Another area to reconsider when profit margins are thin is to look at all expenditures through the microscope of the yield of your major crop. In the past, a significant purchase was referenced in dollars, and I suggest looking at it in bushels, bales, or 100-weight.
For example, you and your wife are considering the purchase of a state-of-the-art television set for $2,000.00, even though there is nothing wrong with your current one. The purchase may not even come on your radar before instituting an inflection point in your thought process.
If you apply farm production to the purchase, say milk for a dairy operation, and you are receiving $16/CWT, your cows need to produce 12,500 pounds of milk for that TV. When viewed in this light, you may quickly conclude that your old TV is more than good enough.
Inflection point thinking should be applied to expanding your education on every aspect of your operation, especially the machinery.
It never ceases to amaze me how a ridiculous image or video can be posted on social media, and it quickly receives thousands of views and retweets or the equivalent. Yet, at the same time, something of consequence that has value in profiting your operation garners little activity.
A casual observer would conclude that the agricultural community is more interested in an image of a cow relieving itself than learning about their business… and they would be correct.
As an industry, we also need to change the direction of our thinking when attending educational meetings and workshops, applying what is relevant to our farm or ranch. Statistically, those sitting in the audience of any seminar return home and apply little to nothing discussed. Why invest your time and money to attend a seminar and do nothing with it? Do you just want the free lunch? That makes no sense.
The market conditions of any business need, without a doubt, to be understood and taken under consideration for all decisions on the farm. But in the same manner that the base saturation values on a soil test need to be examined since they add up to 100%, our thinking must do the same.
Suppose the calcium/magnesium ratio is out of balance. In that case, it may not be that you need more calcium but rather to wash some of the magnesium out. A different approach than one may first believe is often required.
There is no doubt that we are in interesting and conflicting times in agriculture. Unfortunately, I think many of us make matters worse than they need to be since we do not modify our business’s thought process and approach.

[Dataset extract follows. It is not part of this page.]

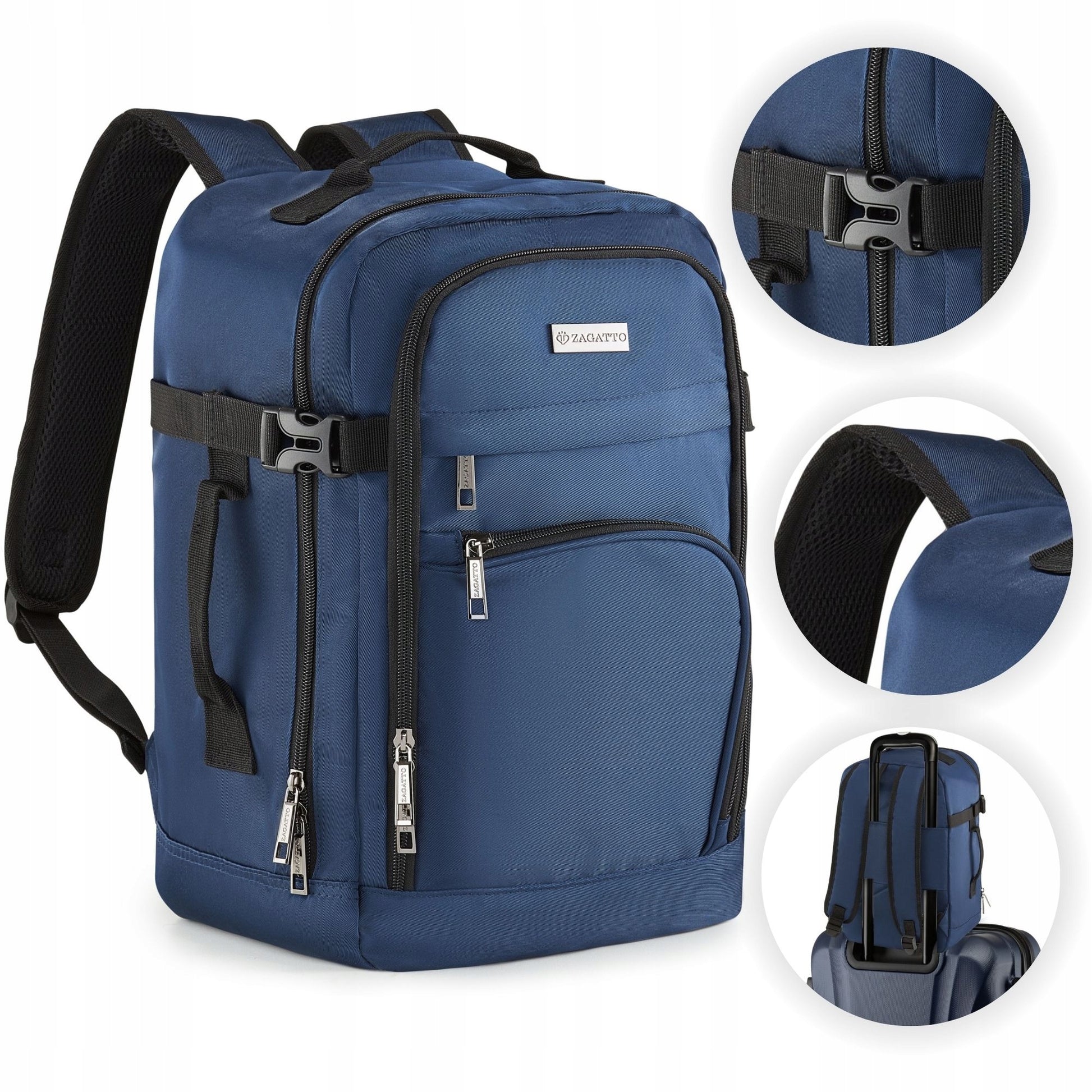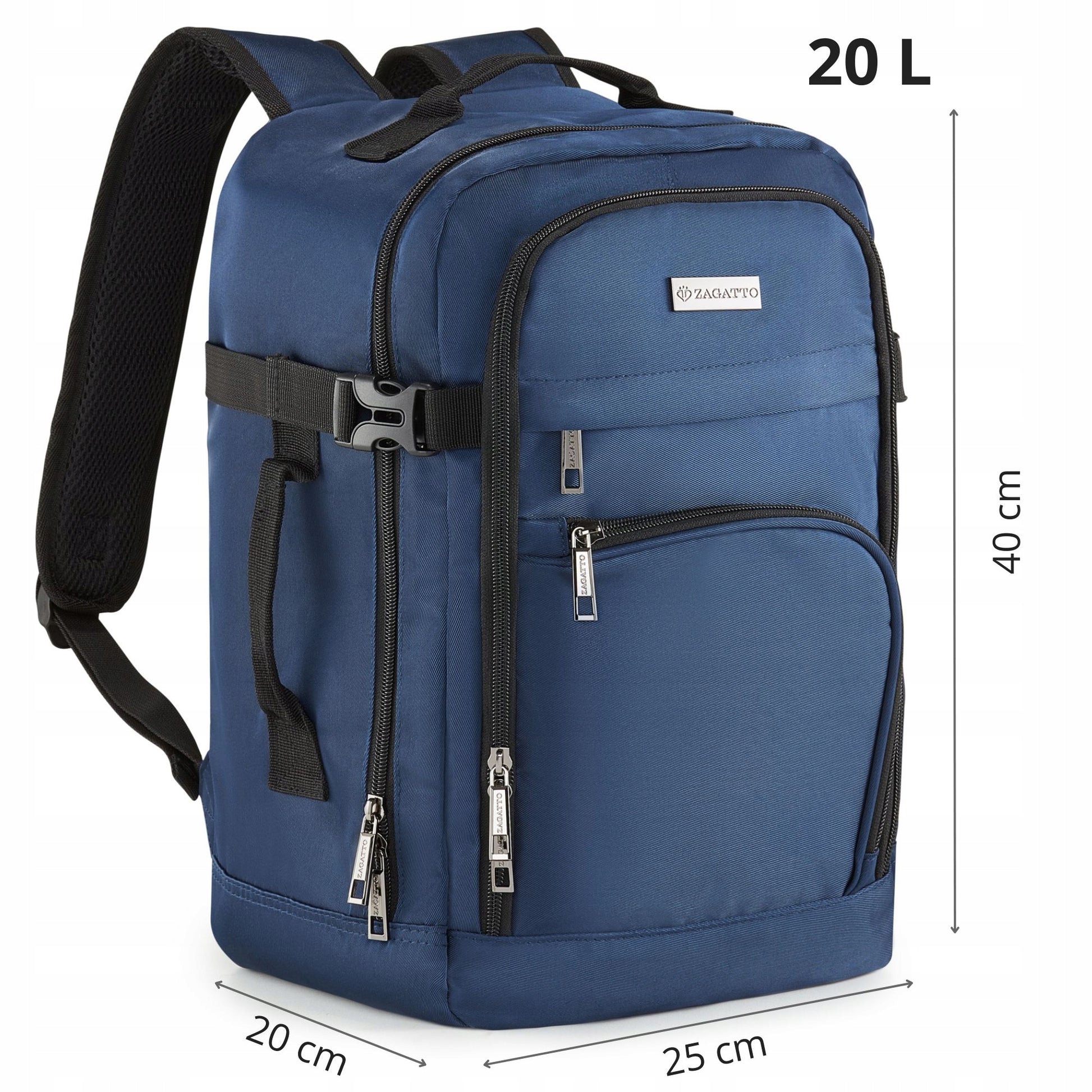 ZAGATTO tamsiai mėlyna kelioninė kuprinė lėktuvui 40x20x25 – rankinis bagažas Ryanair Wizzair

We fixate on crop prices and ignore the changes we can make to succeed at the current price point. Instead, market pricing should be an essential part of your business decisions. Still, if it becomes your singular focus, your concern will often be your obstacle to success.
Take a lesson from the camshaft and examine when the valve lifter of your business needs to reach the inflection point and change direction… if only temporarily.